FDA accepts Roche’s BLA for emicizumab to treat Haemophilia A
The US Food and Drug Administration (FDA) has accepted Roche’s biologics licence application (BLA) and granted priority review for emicizumab prophylaxis (preventative) to treat patients with haemophilia A with factor VIII inhibitors.
Haemophilia A is an inherited, serious condition in which the patient’s blood fails to clot properly, thereby leading to uncontrolled and often spontaneous bleeding.
Created by Chugai Pharmaceutical, emicizumab is currently being developed by the company in collaboration with Roche and Genentech.
Emicizumab is an investigational bispecific monoclonal antibody that has been developed to bring IXa and X factors together.
IXa and X are proteins essential in activating the natural coagulation cascade and are used to restore the blood clotting process.
The therapy is a subcutaneous treatment that can be administered once every week on adults, adolescents and children with haemophilia A with factor VIII inhibitors, which reduces treatment options and enhances the risk of life-threatening bleeds and repeated bleeds that result in long-term damage.
Roche’s BLA for emicizumab is based on data from Phase III HAVEN 1 study carried out on patients of 12 years of age and older, in addition to interim results from the Phase III HAVEN 2 trial involving children younger than 12.

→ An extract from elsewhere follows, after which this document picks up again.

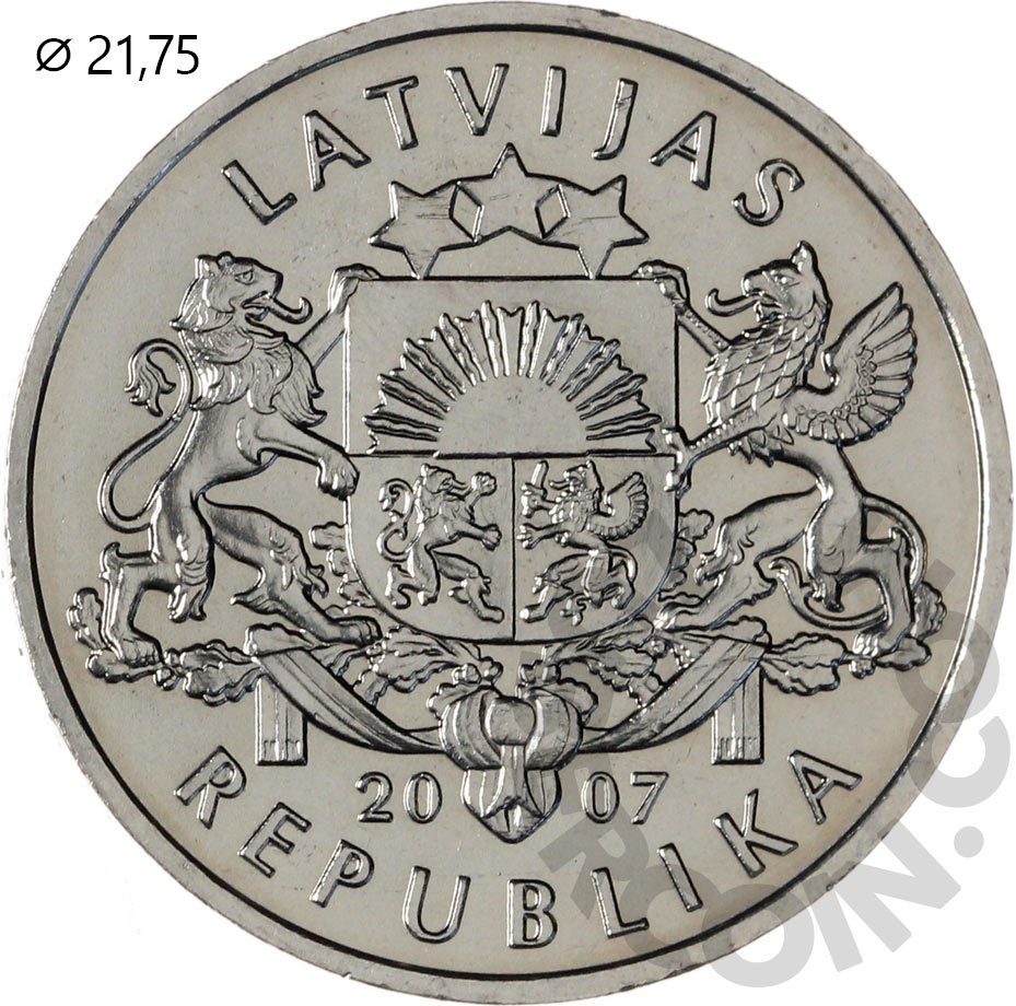 Латвия 1 лат 2007 Стилизованная сова / Застежка UNC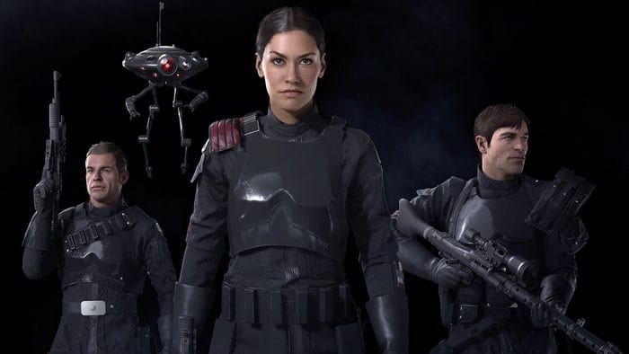Abgerundet wird das Setting an dieser Stelle durch unseren Hauptcharakter Iden Versio, die vorab ein authentisches Auftreten einer imperialen Offizierin verkörpert. Ihre unterstellten Kameraden Del Meeko und Gideon Hask stehen ihr dabei treu zur Seite. Die Spezialeinheit des Imperiums, der sogenannte Inferno-Trupp, steht und dient zur Ausführung ganz besonderer Aufgaben des Imperiums.

Roche chief medical officer and global product development head Dr Sandra Horning said: “Results of our Phase III study in adults and adolescents, as well as early Phase III results in children, showed that emicizumab has significant potential to help people with haemophilia A with inhibitors who face major challenges in preventing and treating bleeds.
“We are working with the FDA to hopefully bring this new prophylactic treatment option to the haemophilia A inhibitor community as soon as possible.”
The US agency is expected to take a decision on the BLA by 23 February next year.